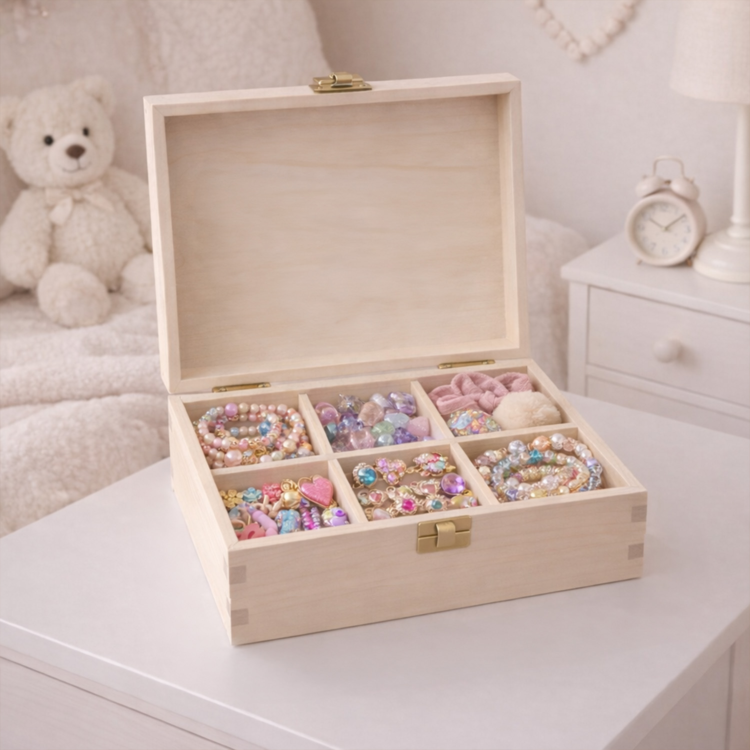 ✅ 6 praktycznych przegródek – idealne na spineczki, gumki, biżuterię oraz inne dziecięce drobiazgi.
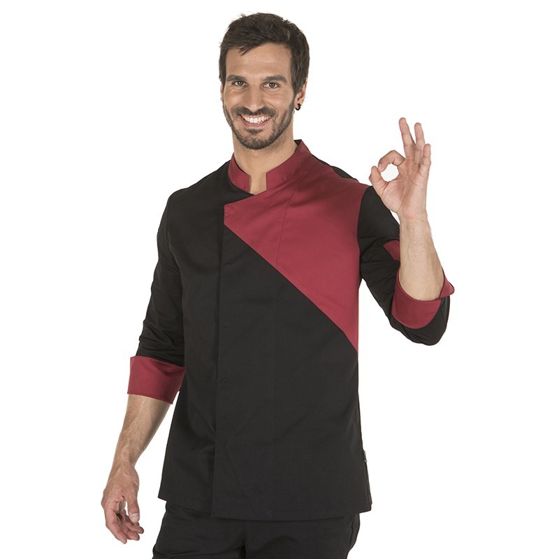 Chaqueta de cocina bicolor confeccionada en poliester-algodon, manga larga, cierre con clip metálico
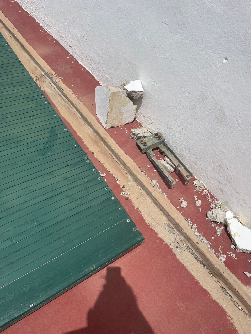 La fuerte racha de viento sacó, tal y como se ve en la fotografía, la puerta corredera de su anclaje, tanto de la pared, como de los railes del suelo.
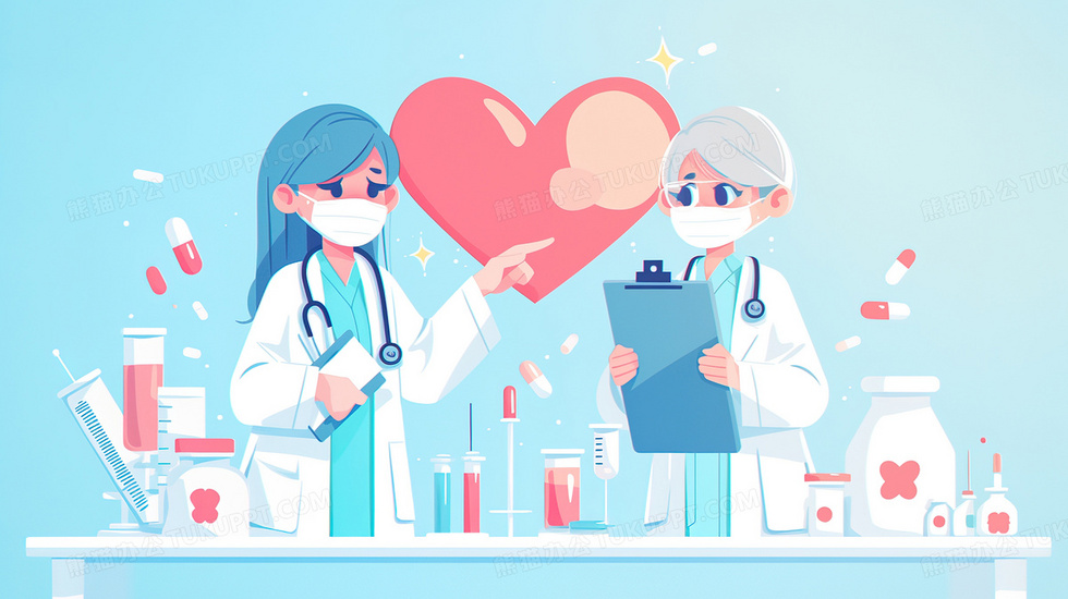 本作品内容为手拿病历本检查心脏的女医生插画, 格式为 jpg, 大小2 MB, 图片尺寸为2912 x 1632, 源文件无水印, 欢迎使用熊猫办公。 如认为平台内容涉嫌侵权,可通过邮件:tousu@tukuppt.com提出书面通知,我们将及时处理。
::::
● **What this task involves**: Restate all of the material above word for word, excluding the pictures.

● **Response area**:
 ✅ 6 praktycznych przegródek – idealne na spineczki, gumki, biżuterię oraz inne dziecięce drobiazgi.
 Chaqueta de cocina bicolor confeccionada en poliester-algodon, manga larga, cierre con clip metálico
 La fuerte racha de viento sacó, tal y como se ve en la fotografía, la puerta corredera de su anclaje, tanto de la pared, como de los railes del suelo.
 本作品内容为手拿病历本检查心脏的女医生插画, 格式为 jpg, 大小2 MB, 图片尺寸为2912 x 1632, 源文件无水印, 欢迎使用熊猫办公。 如认为平台内容涉嫌侵权,可通过邮件:tousu@tukuppt.com提出书面通知,我们将及时处理。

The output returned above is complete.